Do you set up most of your SL's via a search? I haven't really had a problem with that. I usually set them up from the guide.


----------



## dbilski (Nov 2, 2006)

Yep - I set them up from a search. Almost all of them. That's how I'm used to doing it on my (beloved) Samsung TiVo model. Are you saying that I might have better luck setting it up from the guide?

Would that mean just finding the show in the guide and hitting the record button twice?


----------



## qwerty (Feb 19, 2006)

dbilski said:


> Are you saying that I might have better luck setting it up from the guide?


I'm thinking you'd probably have better luck if a search only returned channels you get. :nono2:



dbilski said:


> Would that mean just finding the show in the guide and hitting the record button twice?


Yes, but I usually hit select/record then tab to the SL settings because I like to set them for Keep at most = all. (Of course the SL tab has been moved to it's own menu item under 10F1.)


----------



## wickee2 (Nov 10, 2006)

Doug...

We've had the exact same (plus more!) problems for the past month. We're now supposed to receive our FOURTH DVR (R-15) from DTV IF they can't give us a TIVO, which we KNOW is unlikely. We only have three DVRs to return to DTV sitting in our living room (2 R15-100s AND 1 R15-500). 

We just bid on a Hughes Series2 DVR120 on eBay to hopefully alleviate any more DTV-DVR issues. If we don't win that, we'll bid on the R-10, which I believe is the last DTV Tivo UNIT. There's no guarantee on the HD life, but at least we'll be able to watch what we program!
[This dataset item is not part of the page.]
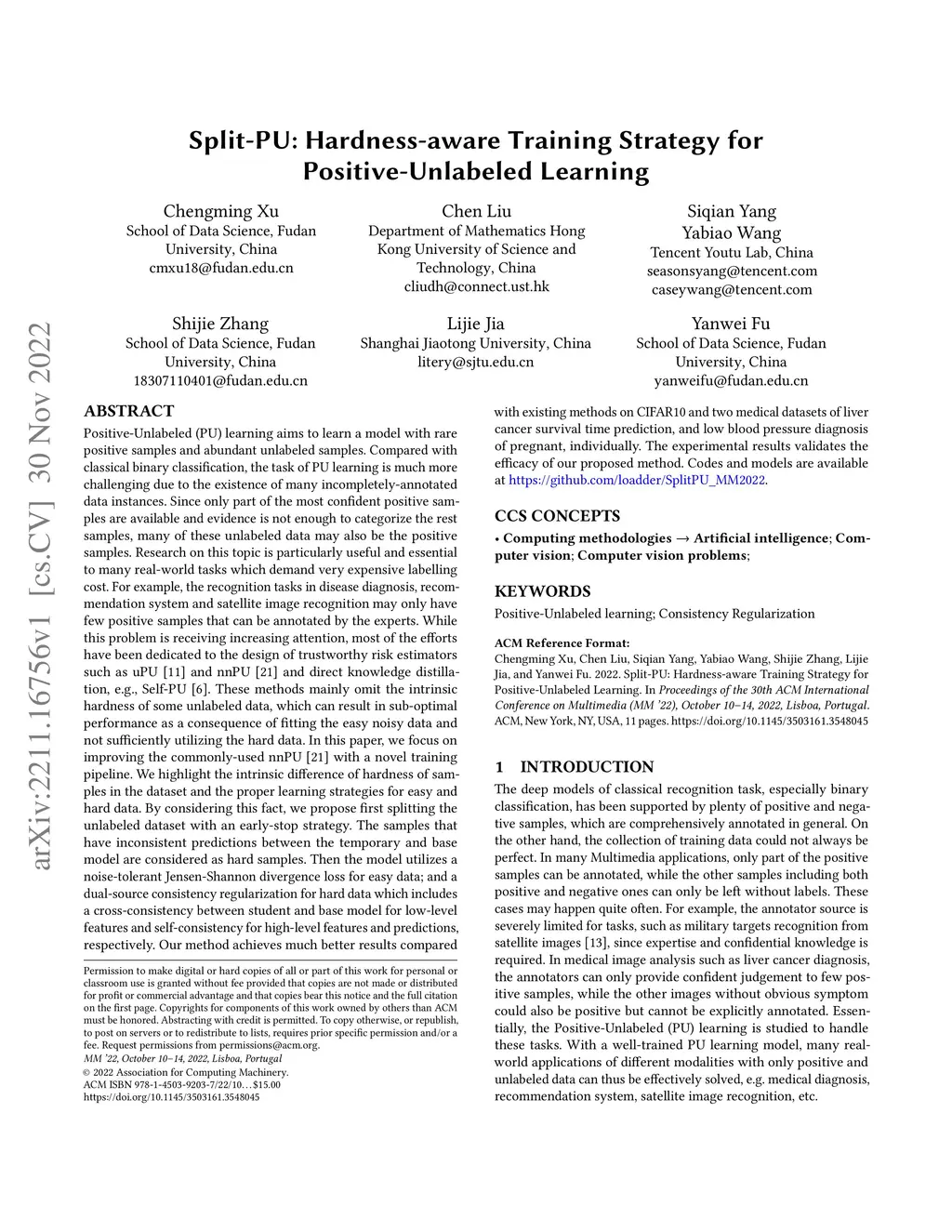 Positive-Unlabeled (PU) learning aims to learn a model with rare positive samples and abundant unlabeled samples. Compared with classical binary classification, the task of PU learning is much more challenging due to the existence of many incompletely-annotated data instances. Since only part of the most confident positive samples are available and evidence is not enough to categorize the rest samples, many of these unlabeled data may also be the positive samples. Research on this topic is particularly useful and essential to many real-world tasks which demand very expensive labelling cost. For example, the recognition tasks in disease diagnosis, recommendation system and satellite image recognition may only have few positive samples that can be annotated by the experts. These methods mainly omit the intrinsic hardness of some unlabeled data, which can result in sub-optimal performance as a consequence of fitting the easy noisy data and not sufficiently utilizing the hard data. In this paper, we focus on improving the commonly-used nnPU with a novel training pipeline. We highlight the intrinsic difference of hardness of samples in the dataset and the proper learning strategies for easy and hard data. By considering this fact, we propose first splitting the unlabeled dataset with an early-stop strategy. The samples that have inconsistent predictions between the temporary and base model are considered as hard samples. Then the model utilizes a noise-tolerant Jensen-Shannon divergence loss for easy data; and a dual-source consistency regularization for hard data which includes a cross-consistency between student and base model for low-level features and self-consistency for high-level features and predictions, respectively.

ELSE, it's Comcast for us too...

Good luck...


----------



## cabanaboy1977 (Nov 16, 2005)

qwerty said:


> Yes, but I usually hit select/record then tab to the SL settings because I like to set them for Keep at most = all. (Of course the SL tab has been moved to it's own menu item under 10F1.)
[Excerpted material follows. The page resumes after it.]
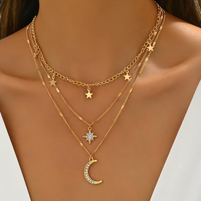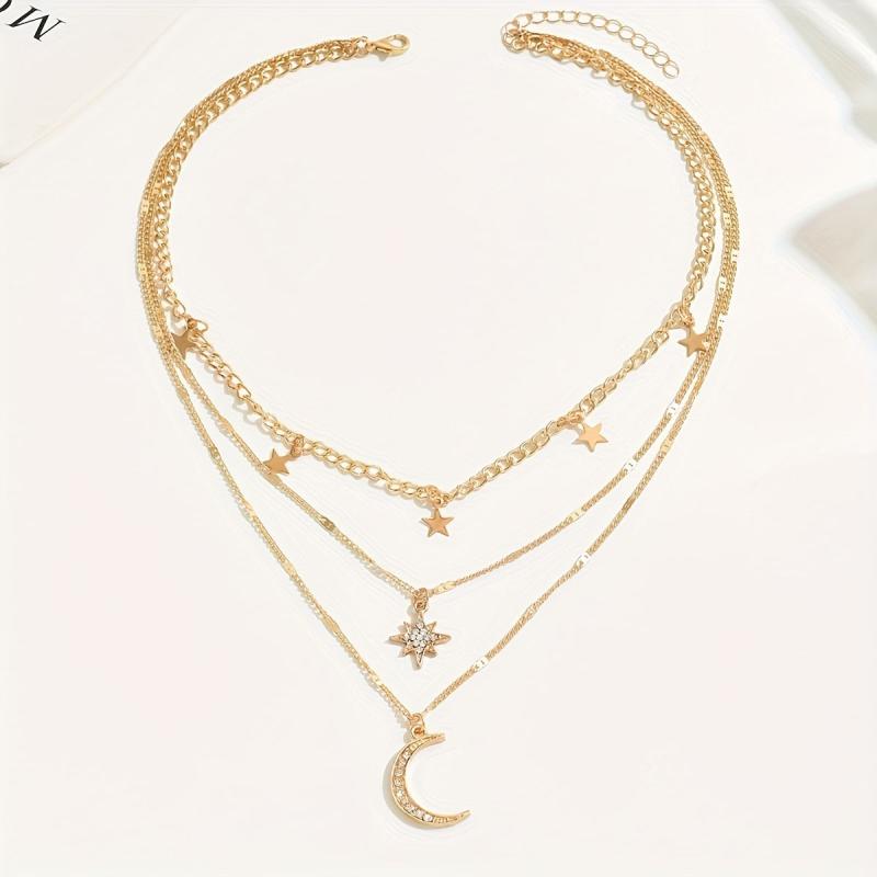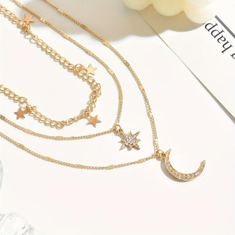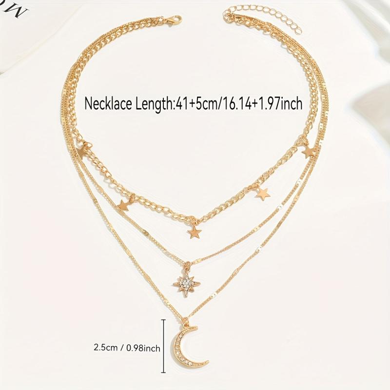 Elevate your style with this Bohemian layered necklace featuring star and moon pendants. Made with 14K gold plating and rhinestone accents, it's the perfect gift for her everyday jewelry collection.

I have the same issue, wish they would let you set all as one of the defaults. I usally do the R)) record and then select it just to edit that one option. How hard is it to add "all" for the defaults? It's already there as an option so it shouldn't be hard to add it (I can understand that it would take awhile to add 6,7,8,9,10 for options since there not in there.)


----------



## Skud (Mar 6, 2006)

just got my 100. had a 500, x-fer it for a 300 and now they send me a 100 to try and fix the SL. I did Dog the Bounty Hunter because my Tivo is set to record it. And of course shows from 2005 are recording on the R-15 100. Time ti call DTV again. does the R20 HD box has the SL problem crabing all shows when you flag first runs only?


----------



## dbilski (Nov 2, 2006)

Guess what I just got in the mail??? A REFURBISHED R-15 500?!?! Come on, DTV! This is the WORST customer service I've seen in awhile! I LOVED this company before this hardware debacle! Ugh! Now, I'm sending it back again. I paid for a new R15-100, and this is what I get???! Geesh!


----------